Top Key Takeaways from AWS re:Invent 2018
AWS re:Invent, arguably the biggest and most important event in the cloud computing calendar, has just wrapped up for 2018. The event, which was held in Las Vegas, attracted over 50,000 delegates covering customers,partners and Amazon employees for keynote sessions, workshops and networking.
During the event, AWS made significant announcements across all of its services. We can’t discuss all of them here, but I’ve highlighted top takeaways from the event below:
Machine Learning to remain a key focus area:
AWS has gone back to its core mission to “Put machine learning in the hands of every developer” and made it clear that company’s commitment to Machine Learning is ongoing. AWS boasted the success of SageMaker stating that it is being used by over 10,000 customers despite only existing for one year. The AWS Inferentia Inference Chip signified another step in the direction of Machine Learning commitment for Amazon Web Services.

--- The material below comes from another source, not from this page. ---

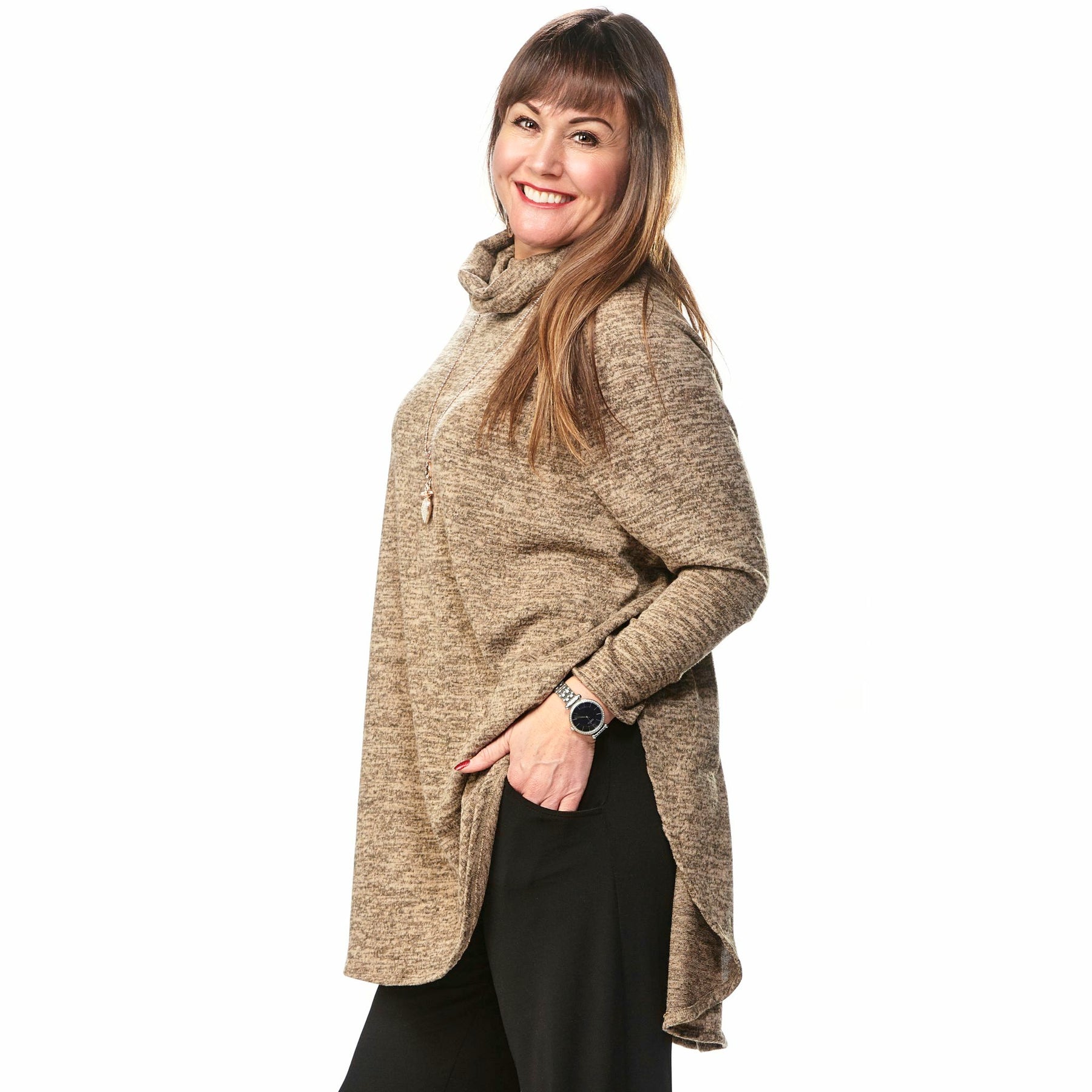 Elevate your wardrobe with our Full Sleeve Casual Knit Sweater, meticulously crafted in Canada to ensure premium quality. This top blends 80% polyester, 15% rayon, and 5% spandex, creating a luxuriously soft feel with just the right amount of stretch for comfort. The elegant cowl neck design adds a touch of sophistication, making it versatile for both casual outings and stylish evening events. Perfect for layering or wearing solo, this sweater is a must-have for those who value comfort without compromising on style.

Swami Sivasubramanian, VP of AI & Machine Learning at AWS, referenced how AWS customer Intuit cut down its development time significantly to build machine learning models like personalisation, fraud detection by leveraging the power of SageMaker, resulting in a huge productivity gain. Another key takeaway which came out of his speech was of AWS launching 200 new product features and services under its machine learning practice since this time last year.
Taking “Cloud” closer to customer:
Among pubic cloud service providers, AWS boasts of double the share of its next nine largest competitors in Infrastructure-as-a-Service market and with an intent to further increase the same it made some significant announcements in re:Invent 2018. The aim of such announcements is to lower the costs, speed-up ML training and enable high-performance computing to the cloud.
1. Substantial cost savings for cloud workloads
For the first time,AWS’ EC2 platform will offer virtual machines (VMs) running on Arm-based processors, via the new A1 instances.
The new Amazon EC2 A1 instances could deliver significant cost savings for scale-out and Arm-based applications such as web servers, containerised micro services, caching fleets, and distributed data stores that are supported by the extensive Arm ecosystem.
2. Accelerated Machine Learning training for huge datasets
Demand for machine learning infrastructure is exploding, and AWS has announced new heavy-duty instances designed to reduce training time for machine-learning models.
The new P3dn instances promise to reduce training time to less than an hour in some circumstances, according to AWS.
An upgrade on the existing P3 instances, P3dn boosts the amount of data that can be shuttled from attached storage, such as Amazon S3 or Amazon EFS, to the GPUs used for training.
3. Bringing High Performance Computing (HPC) to the cloud
AWS has announced anew service called Elastic Fabric Adapter (EFA) that is designed to bring high-performance computing (HPC) to the cloud, making it more attractive to customers running high-performance computing workloads such as computational fluid dynamics,weather modelling, and reservoir simulation etc.
The new Elastic Fabric Adapter allows AWS virtual machines to share data over low-latency interlinks. EFA is integrated with the Message Passing Interface, which AWS says allows HPC applications to scale to tens of thousands of CPU cores without any modification.
4. Making IoT applications easier to build & run on cloud
To support IoT and edge computing deployments, AWS has revealed a suite of new tools. These tools would help its customers build and run IoT applications on cloud in much easier way:
AWS IoT SiteWise is a managed service that collects, organizes and structures data collected by IoT devices in industrial facilities, so it can be used to analyze equipment and performance data.
AWS IoT Events is another managed service that monitors IoT sensors and applications to help detect problems such as malfunctioning equipment and automatically triggers actions and alerts.
AWS IoT Things Graph provides a drag-and-drop tool for linking devices like sensors to services
AWS IoT Greengrass Connectors allows developers to connect to third-party services such as ServiceNow or Splunk via common APIs.
5. Helping enterprises manage their global services
Enterprises that run on a global scale need to depend on series of infrastructure endpoints situated in multiple locations across the world.
The newly announced AWS Global Accelerator is a service that will automatically route users of an AWS-based service to the best endpoint for them, based on their location,application health, and customer-specific configurations.
AWS Global Accelerator also allocates a set of static Anycast IP addresses that are unique per application and do not change, removing the need to update clients as the application scales.